In absolute full body pain - excruciatmg 24/7) I have severe FM and RSD. Mine is aching pain - not burning. Disabled now - in knees, ankles, hands. Tried everything - over 30 meds, alternative therapy - no help. Comsidering Hypobaric oxygen therapy but scared it could make me worse.
Anyone know about this or any other treatment.
Sydney

Hi Sydney,

I am probably more knowledeable about HBOT than just about anyone here. In fact, I am writing an article about RSD and HBOT I plan to submit for publication to a medical journal on HBO.

If you read the thread Fact, Fiction and RSD, you know that I believe that it is more likely that this disease is caused by what is called an ischemia-reperfusion injury (IRI) than by a nerve injury, HBOT is often used to treat IRI.

A number of RSD patients have had HBOT, some with very good results; some with brief remission followed by catastrophic relapse. I am sure I understand what causes the relapses and how to prevent them.

Unfortunately, I have been working on the article I mentioned most of last night, and am too tired and weak to write at length right now, and I feel I need to go into some detail, describing what appears to have been effective in preventing relapse and the reasons I believe that HBO chamber operators use too much oxygen and too high a pressure to offer the best outcome in treating RSD.

It usually takes me a full 48 hours to recover my energy after writing so long on my article, so I will probably need that much time before I am able to write in detail about why I think RSD patients need a lower concentration of oxygen at a lower pressure.

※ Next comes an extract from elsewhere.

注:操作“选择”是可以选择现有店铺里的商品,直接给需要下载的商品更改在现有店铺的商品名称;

I will reply in as much detail as space allows sometime Saturday. Then you will have the opportunity to review my reasoning and decide whether it makes sense to you...Vic

Hey

I have had HBOT - didn't make a magic difference with the RSD = but then again a 50 mile round trip 3 times a week when you can't bear being in a car doesn't help much! I think the worst thing was the ear popping,, but it did heal the RSD ulcers/

alot of people i kmnow have had dramatic results with it though and anything is worth a try

good luck
rosie xxxxx

I did 2 series of HBOT in 2002. The "old forum" has everyday of my experience documented. There may be a way for you to search the internet for some of the old posts but I don't know how.

To make it short, the first experience I had was great. I went to my 1st treatment on crutches and when I came out I could bear some weight for the first time in several months. I also grew new veins back all over my foot and leg and went into a remission for a short period of time.

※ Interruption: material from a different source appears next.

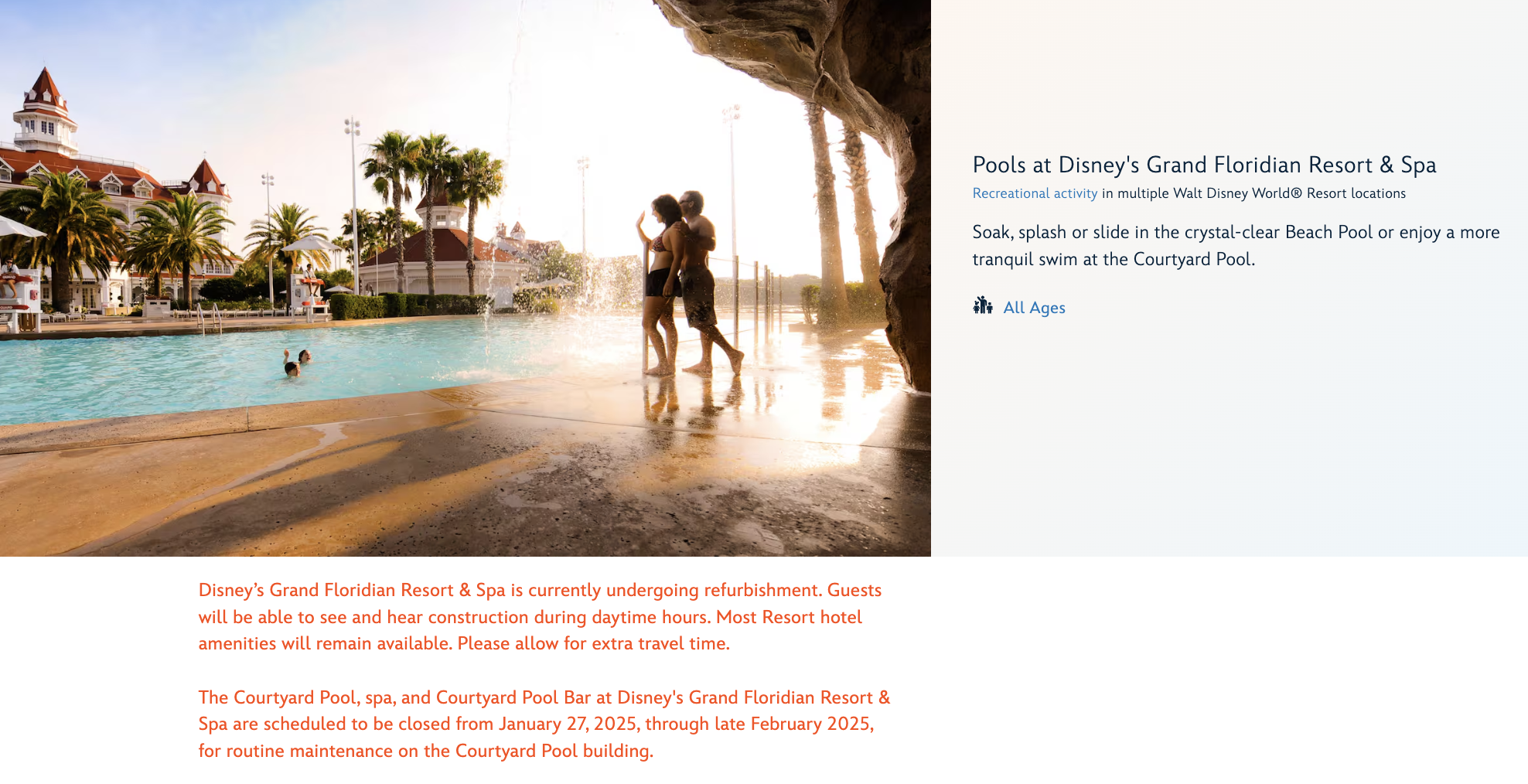 We don’t have an official end date for the Courtyard Pool closure at the Grand Floridian, but we’ll let you know as soon as we know more!

When I relapsed, I went for treatments again but at more pressure and longer and I had a terrifying experience. Myself and another person with RSD in her ankle were in the chamber together and we both felt high like never before. Then I couldn't feel the tips of my finger tips. Both of us had what we think was oxygen toxicity.

Both of us had the same scary headpain and popping in our spines. She ended up herniating a disc and had surgery. I ony bulged 1.

Anyways, the place we went to didn't know what they were doing. I truly believe that if we went to a reputable place( I know of one in florida) it never would have happend.

I do know another person( from the old forum) who went to get HBOT in florida and he has recoverd. I met him a few years ago and he was back at work.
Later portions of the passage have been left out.